MARCO GALVANI
Cronaca

Briosco, a Villa Medici Giulini il tempio del pianoforte

Fernanda è la padrona della casa di famiglia trasformata in un museo. In mostra un’ottantina di strumenti preziosi dal Settecento ad oggi

Fernanda Giulini tra i suoi pianoforti nella villa di Briosco

Briosco (Monza Brianza), 5 luglio 2020 Nel Medioevo era una fortezza costruita a guardia dei villaggi. Poi è diventata una villa fattoria, un piccolo latifondo. Ma quei cinquemila metri quadrati abbracciati a "questa Brianza che distava 4 ore di cavallo dalla città ed era la prima collina dove andare a cercare fresco", oggi è uno dei monumenti più antichi della Lombardia, rimasto così com’era nelle mappe di Maria Teresa del 1721.

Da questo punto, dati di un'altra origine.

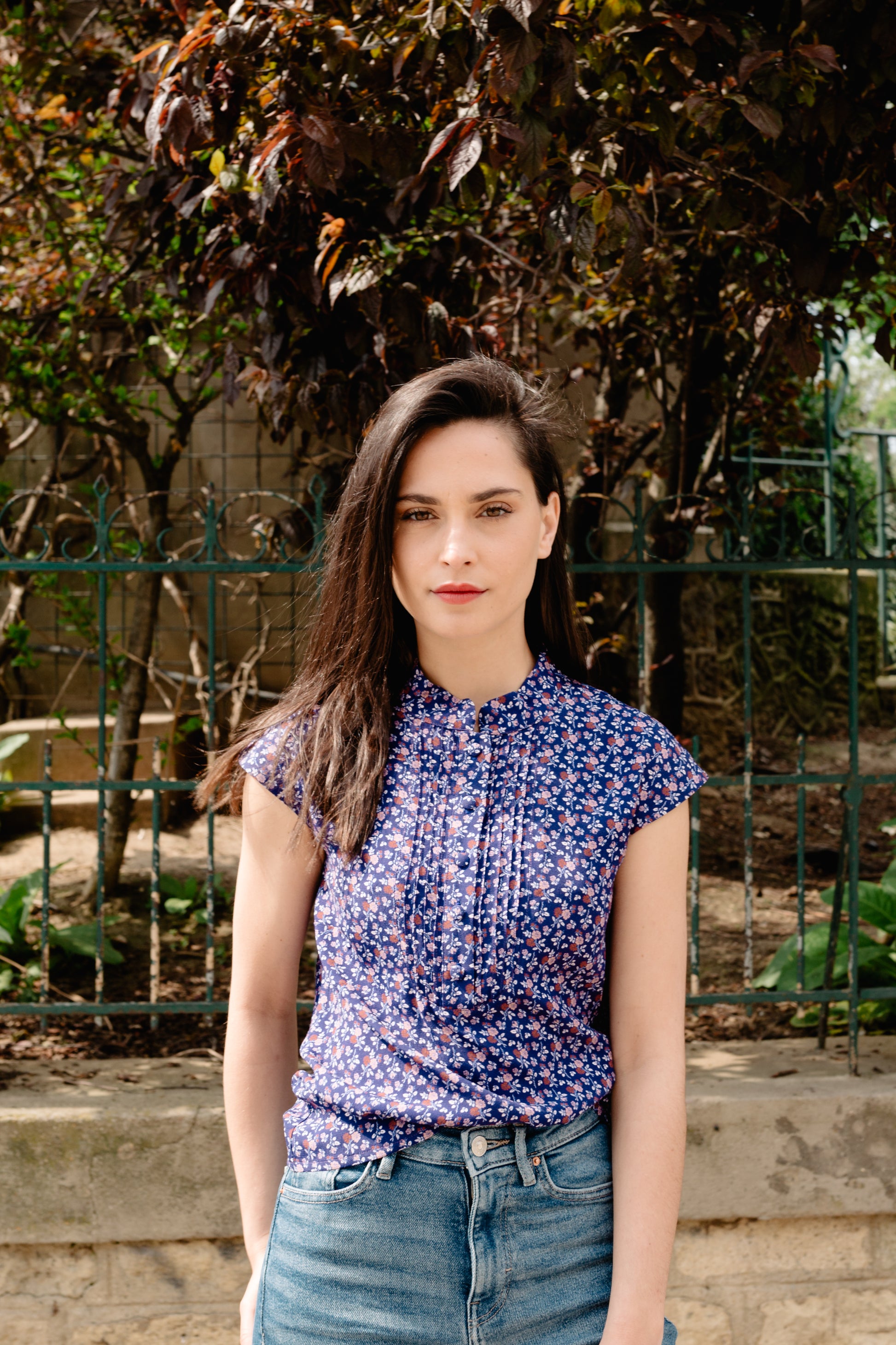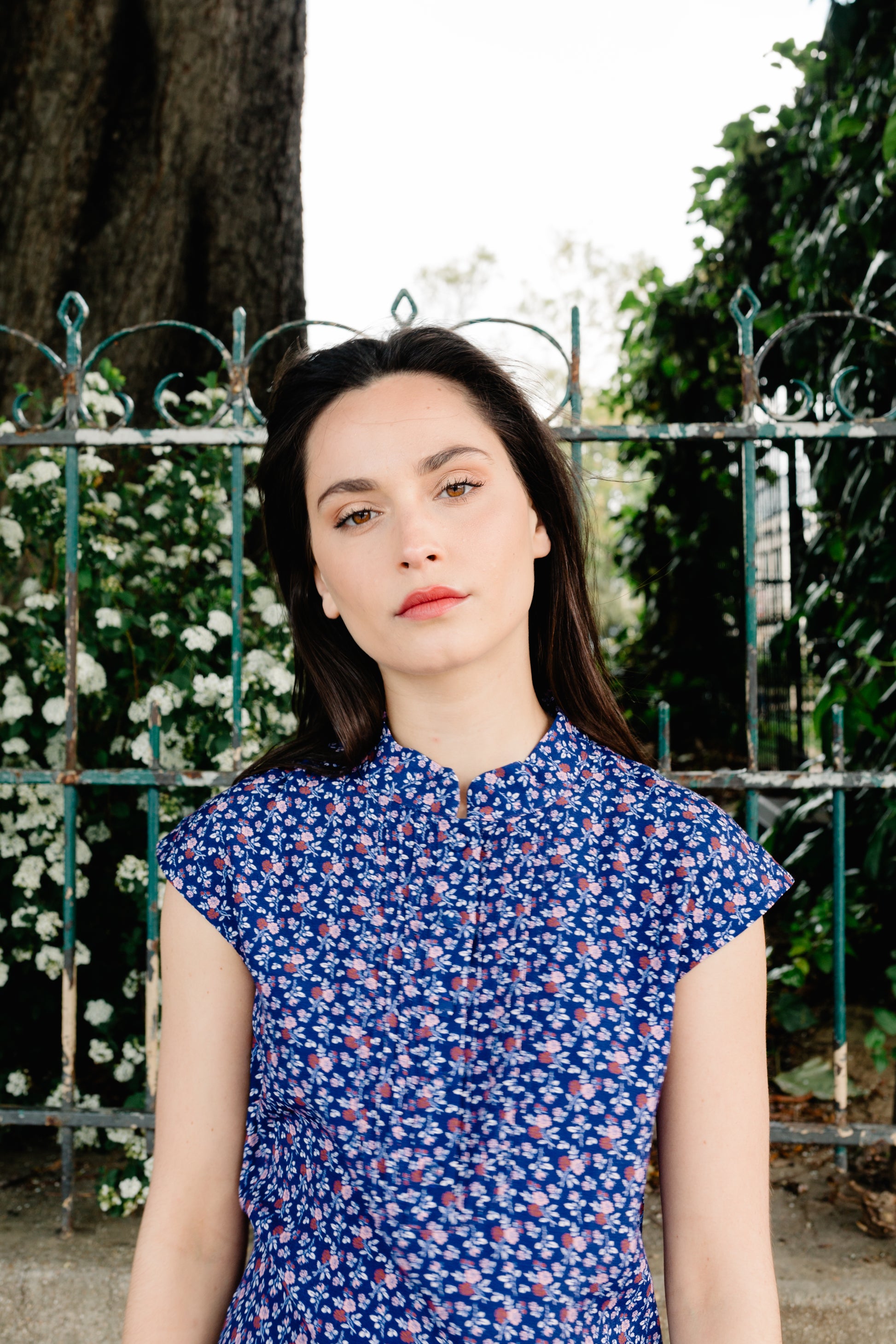 Couleur: bleu marine avec des motifs fleuris

Uno scrigno dove "queste grandi sale, piene di silenzi pur essendo in centro paese, sono un luogo amabile per suonare, per comporre, per studiare, per dialogare sulla musica". E dove l’architettura s’accorda all’acustica senza un disegno predefinito, ma per "pura magia". E’ questa "la mia prima percezione, quella straordinaria qualità che può esistere nelle ville venete ed esisteva nelle grandi sale da concerto di Vienna". Fernanda Giulini è la padrona di questa casa-museo appartenuta alla sua famiglia e che lei da quarant’anni ha acquisito. Lei, diplomata in pianoforte, imprenditrice e collezionista di strumenti musicali quasi per caso e sicuramente per passione. Nelle sale di Villa Medici Giulini viene raccolta e raccontata la storia del pianoforte, dagli antichi fortepiani del Settecento ai nostri giorni. Ricreando l’atmosfera delle sale storiche nelle quali sono nati i capolavori dei compositori viennesi e francesi, ognuno con il suo "strumento prediletto". Un’ottantina di strumenti con cui Fernanda Giulini ha arredato la villa. A cominciare da un moderno Yamaha, "solido così non lo devo accordare in questa casa di campagna". Vive qui sei mesi all’anno, dalla primavera all’autunno.

«Nel ridare un’identità a questa dimora ho prediletto gli strumenti musicali che sono entrati qui come d’incanto – racconta -. Non doveva esserci una quantità inenarrabile di strumenti musicali che avrebbero creato solo del disordine, della disarmonia, ma che ogni sala avesse la sua identità di arte e di musica". "Una sera, avendo ospite Claudio Scimone, ebbi da lui la conferma che il suono della sala era di straordinaria bellezza – continua -. Nella sala c’era già un cembalo spagnolo. Il suono era naturalmente amplificato e senza alcuna eco. Da lì sono iniziate le prime acquisizioni che, però, mi hanno provocato inquietudine perché eseguivo la musica che ho studiato su pianoforti moderni con strumenti molto simili a quelli su cui era stata composta. Ed è stata un’esperienza che ha messo in discussione tutto quello che mi avevano insegnato e ho capito che bisognava andare avanti".

La scelta, sempre dettata dall’estetica. Proprio come avveniva nel Settecento, quando la sala da musica era la televisione e gli strumenti facevano parte dell’arredo e venivano costruiti a seconda della ricchezza del committente per cui lavoravano i musicisti. Dagli Anton Walter su cui componeva a Mozart agli Schanz, dai Pleyel di Chopin agli Erard di Verdi, Listz e Wagner fino ai moderni Steinway. Piccoli e grandi "monumenti di musica e di bellezza".